====== Data ======

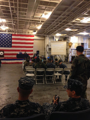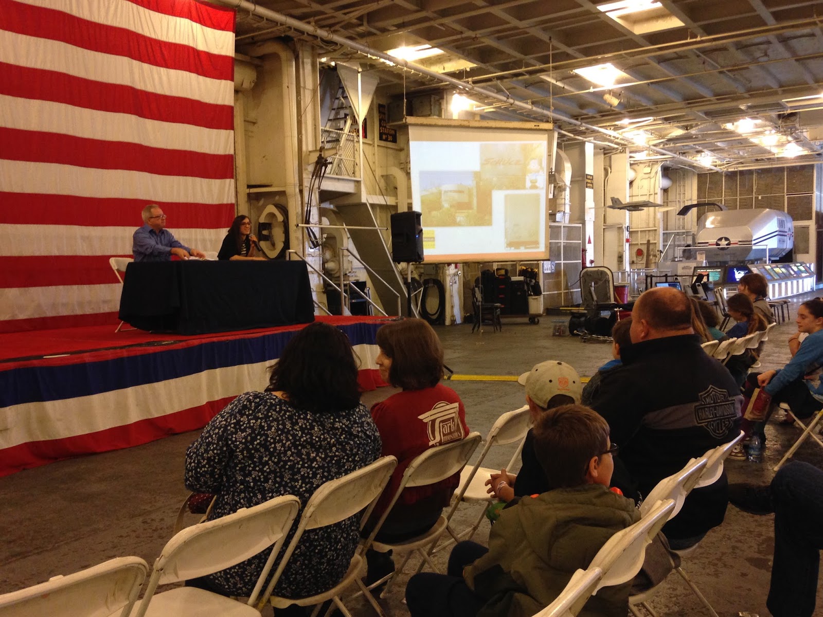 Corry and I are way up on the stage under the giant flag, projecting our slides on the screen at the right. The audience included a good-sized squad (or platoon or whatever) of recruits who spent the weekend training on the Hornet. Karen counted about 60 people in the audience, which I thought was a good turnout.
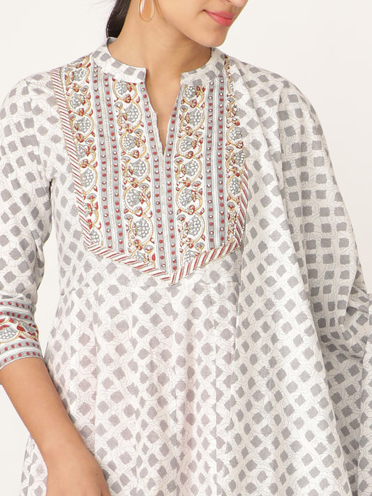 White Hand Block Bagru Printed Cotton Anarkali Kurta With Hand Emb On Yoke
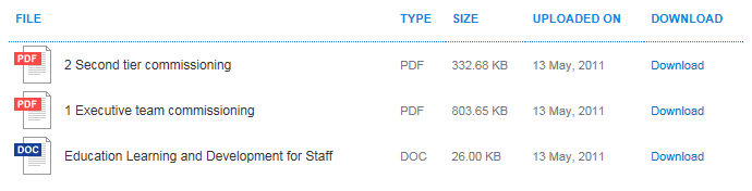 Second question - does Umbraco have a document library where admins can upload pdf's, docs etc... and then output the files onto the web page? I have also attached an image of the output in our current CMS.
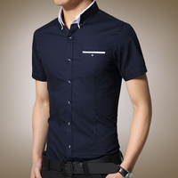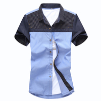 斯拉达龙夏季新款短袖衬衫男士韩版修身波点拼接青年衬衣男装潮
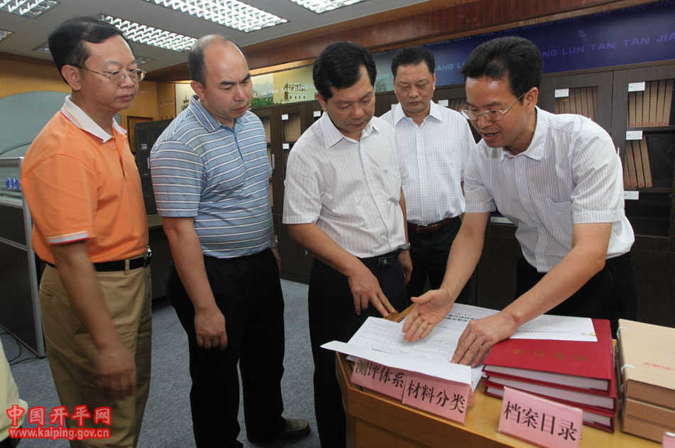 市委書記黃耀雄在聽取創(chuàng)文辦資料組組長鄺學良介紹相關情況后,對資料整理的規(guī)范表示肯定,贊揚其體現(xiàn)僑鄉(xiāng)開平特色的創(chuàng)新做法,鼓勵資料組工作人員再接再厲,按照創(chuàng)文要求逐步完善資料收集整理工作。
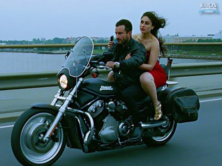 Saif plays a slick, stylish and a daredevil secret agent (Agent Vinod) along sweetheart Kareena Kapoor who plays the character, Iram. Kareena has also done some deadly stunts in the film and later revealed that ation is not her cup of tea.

======

### Task description:
Pictures excluded, set down all the entries exactly.

### Task solution:
 Corry and I are way up on the stage under the giant flag, projecting our slides on the screen at the right. The audience included a good-sized squad (or platoon or whatever) of recruits who spent the weekend training on the Hornet. Karen counted about 60 people in the audience, which I thought was a good turnout.
 White Hand Block Bagru Printed Cotton Anarkali Kurta With Hand Emb On Yoke
 Second question - does Umbraco have a document library where admins can upload pdf's, docs etc... and then output the files onto the web page? I have also attached an image of the output in our current CMS.
 斯拉达龙夏季新款短袖衬衫男士韩版修身波点拼接青年衬衣男装潮
 市委書記黃耀雄在聽取創(chuàng)文辦資料組組長鄺學良介紹相關情況后,對資料整理的規(guī)范表示肯定,贊揚其體現(xiàn)僑鄉(xiāng)開平特色的創(chuàng)新做法,鼓勵資料組工作人員再接再厲,按照創(chuàng)文要求逐步完善資料收集整理工作。
 Saif plays a slick, stylish and a daredevil secret agent (Agent Vinod) along sweetheart Kareena Kapoor who plays the character, Iram. Kareena has also done some deadly stunts in the film and later revealed that ation is not her cup of tea.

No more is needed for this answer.